Best binocular for outer space? (1 Viewer)

ronh

Well-known member
Here's an interesting web tidbit I wandered upon. A photo of Soyuz 5 commander Sergei Zalyotin, tending a plant growth experiment in the Zvezda service module.
http://www.expeditionexchange.com/omega/iss005e20309.jpg
Notice the Trinovid (said to be an 8x42) velcro'd to the wall. Guess it doesn't take much to hold it in zero gravity!
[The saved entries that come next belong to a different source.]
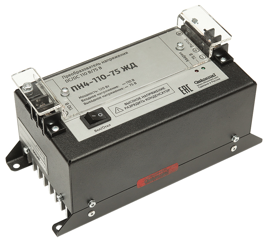 Конвертер ПН4-110-75 ЖД (DC-DC преобразователь постоянного напряжения 110В в 75 В) предназначен для понижения постоянного напряжения.
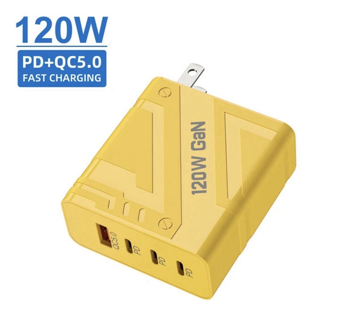 120W GaN 4-Port Wall Charger, 3× USB-C PD + USB-A QC Fast Charging
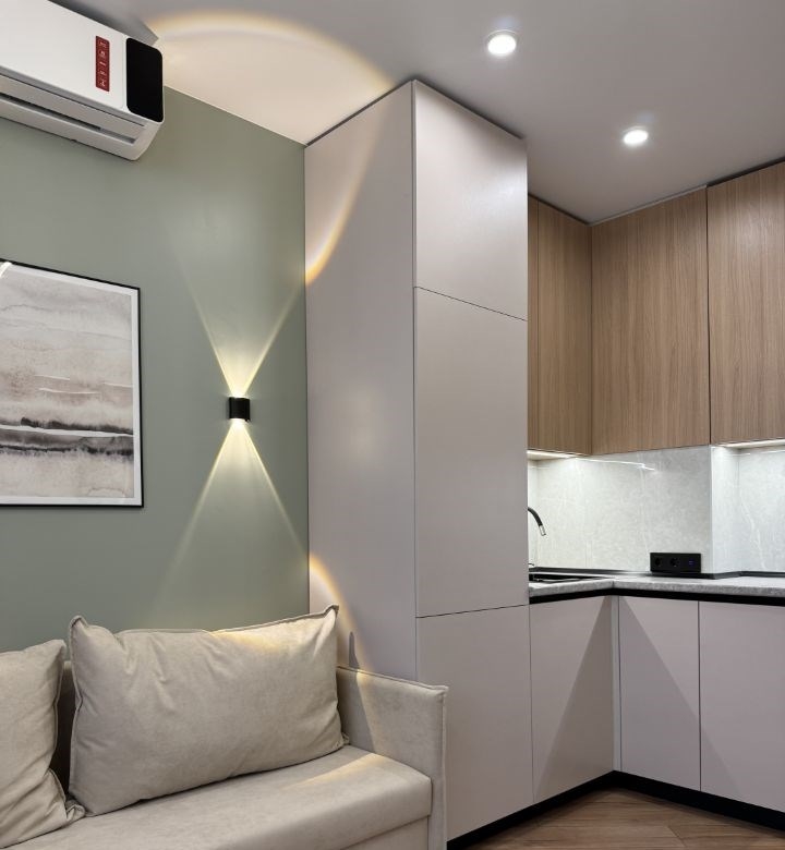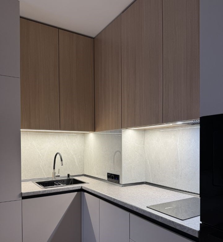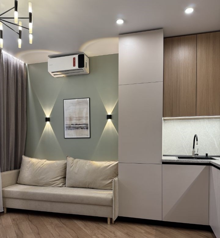 в продаже стильная евро двушка. качественный новый ремонт с продуманным функционалом для комфортного проживания. все, что есть на фото, достаётся новому владельцу. кухня оборудована встроенной техникой духовка, свч, индукционная плита, холодильник, посудомойка, вытяжка. установлен кондиционер. в квартире имеется большая отдельная гардеробная комната. отдельное место, прачечная стиральная машина, бойлер. всё освещение управляется через систему умный дом. в квартире никто не жил, не прописан. один взрослый собственник. обременений нет. в доме есть подземная парковка и консьерж. очень ухоженная красивая территория дома с закрытой системой заезда шлагбаум. рядом школа, детский сад, магазин магнит и вайлдберис. бесплатное юридическое сопровождение сделки без комиссии агенства
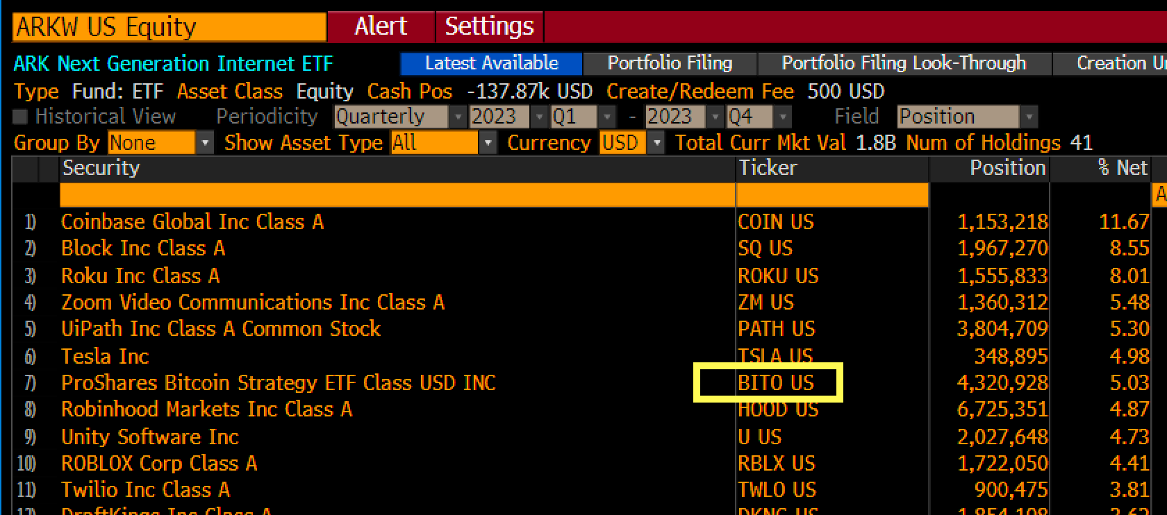 “Just like that, ARK is now the second biggest holder of BITO, although again this is a temporary parking spot,” he said before adding that institutions generally use highly liquidity ETFs for transitions like this.

There's also a Zeiss image stabilizing 20x60 on board, for those really, really, really distant shore birds and raptors.
Ron
 
If it's good for outer space..

I hear it's very expensive to take things up there. So if they got it there 10 years ago, it will likely stay there always.

I also saw another pic where they had a MagLite flashight, apparently one of the older incan ones. The newer LED generation is 10x brighter and draws 10x less energy but they cannot justify getting a better light out there.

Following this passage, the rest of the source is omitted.